Indeed, North Korea has resumed military provocations. On March 3, troops fired two short-range ballistic missiles, the first in more than three months. When South Korean government expressed concerns about the live-fire exercises, North Korean responded in unprecedented fashion: the first known public statement by Kim’s younger sister. Kim Yo-jong declared that Seoul was acting like a “frightened dog barking” and called South Korean leaders “perfectly foolish.” South Korea’s National Intelligence Service assessed that the exercises and the statement were primarily intended to control the domestic situation, that Pyongyang has canceled its annual winter drill because of COVID-19, and that the live-fire exercises were intended to keep up military morale. The commander of the U.S. Forces Korea also said that North Korea had cut back training and, as of March 13, had not flown a military aircraft for 24 days.
Even as he launches new provocations, Kim is also reaching out to foreign leaders. On March 4, he sent a personal letter to South Korean President Moon Jae-in to offer his condolences for the coronavirus outbreak in South Korea. Although the details of the letter have not been released, the act signals the North’s willingness to resume dialogue with the South, and possibly the United States. Experts have been speculating that Pyongyang wants Seoul to lobby more actively for the lifting of international sanctions, and also that it might use this health crisis to persuade the United Nations to ease up. Indeed, China and Russia have started to talk about the need to lifting sanctions to facilitate the delivery of humanitarian assistance to North Korea. On March 2, the Chinese ambassador to the United Nations urged the international community to “find a comprehensive solution” to helping North Korea battle COVID-19.
The likelihood that North Korea will swing more frequently between provocation and engagement requires the United States to respond in its own dual fashion: calmly to provocation and with principles to engagement.
Because North Korea’s provocations at this time are likely intended mostly for internal political effect, U.S. officials should take them less as a threat and more as a call for emergency support. Indeed, Washington has unusual leverage to influence Pyongyang’s approach toward nuclear negotiation. If Pyongyang accepts Trump’s offer of aid with the coronavirus, the necessary discussions for that effort may well help pave the way for talks about other subjects. Pyongyang can be expected to seek lighter sanctions, and that will be the moment when Washington must reemphasize its final goal of denuclearizing North Korea, while showing flexibility about “smaller deals” that help move toward it.

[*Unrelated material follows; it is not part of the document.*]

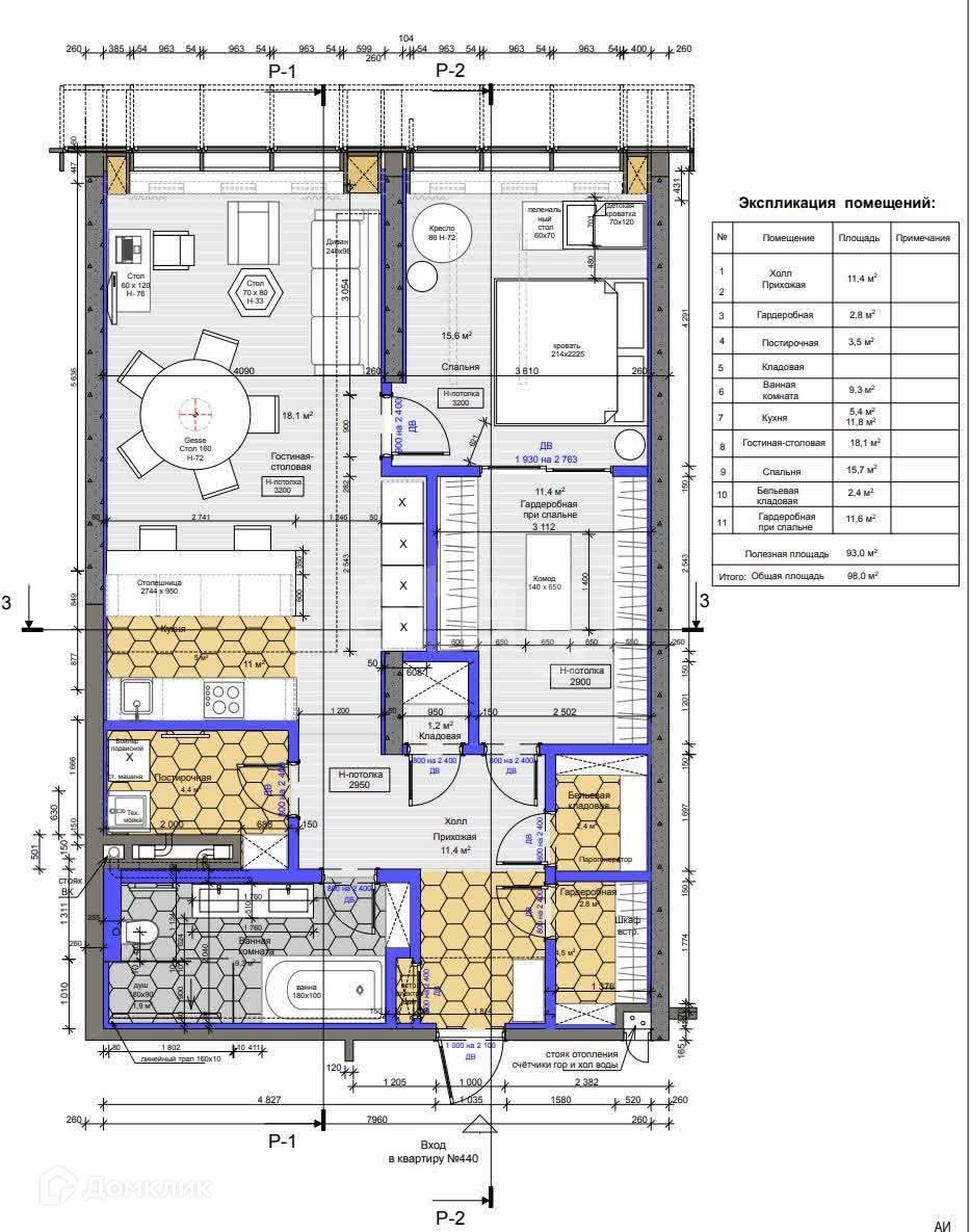 Общая площадь 94.3 м2

In short, there is a higher likelihood that North Korea already has COVID-19 outbreak than otherwise. The outbreak does not seem to pose an immediate threat to Kim Jong-un in the short term, but he is likely concerned about the outbreak’s secondary effects on economy and regime legitimacy in the medium term. This is likely to swing North Korea’s external behavior between provocation and dialogue more frequently than before, which opens a strategic opportunity for Washington to effectively engage with Pyongyang.
The views in this article belong to the author and may not reflect those of the U.S. Defense Department or the U.S. government.